In particolare, negli anni ‘90, periodo nel quale si colloca la quarta fase del

consumo inteso come fenomeno sociale in continua evoluzione, a causa dei fattori

precedentemente elencati, sorge nei consumatori un sentimento di paura nei confronti

della libertà fino a quel momento considerata in maniera positiva che, a sua volta,

spinge la popolazione ad assumere un atteggiamento pacato e misurato nei riguardi delle

merci e dei beni di consumo.

Nello specifico, dal punto di vista della dinamica del consumo, si assiste

all’affermarsi di un approccio personale – quindi improntato sulla cura del sé –, ben

diverso da quello individualistico, tipico del decennio precedente; i tempi del consumo

diventano riflessivi e consapevoli nella misura in cui il soggetto antepone la riflessione

circa l’effettiva utilità dell’acquisto all’acquisto stesso, discostandosi alquanto dalla

spinta impulsiva tipica degli anni ‘80. Alla base di siffatta configurazione, si colloca la

volontà del consumatore di generare valore attraverso l’acquisto, instaurando un

rapporto affettivo con le merci che, per la valenza così assunta, conferiscono al

consumatore elementi per la costruzione della sua specifica identità.
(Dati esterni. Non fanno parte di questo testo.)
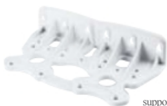
supporto murale -DUO-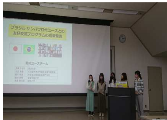
<「生物多様性と SDGs 多世代フォーラム」 での成果発表>

Dal punto di vista della segmentazione, si assiste al passaggio dagli stili di vita

agli stili di pensiero, con il relativo abbandono delle variabili socio-demografiche: le

merci vengono valutate non solo per la loro funzionalità, ma anche in relazione ad

ulteriori capacità d’accrescimento del proprio benessere interiore, nonché per altri valori

di tipo etico-comportamentali. La società, dunque, tende ad assumere comportamenti di

consumo consapevoli ed eticamente fondati, pretendendo dalle aziende responsabilità e

giudizio nei riguardi dell’ambiente e della stessa platea dei consumatori.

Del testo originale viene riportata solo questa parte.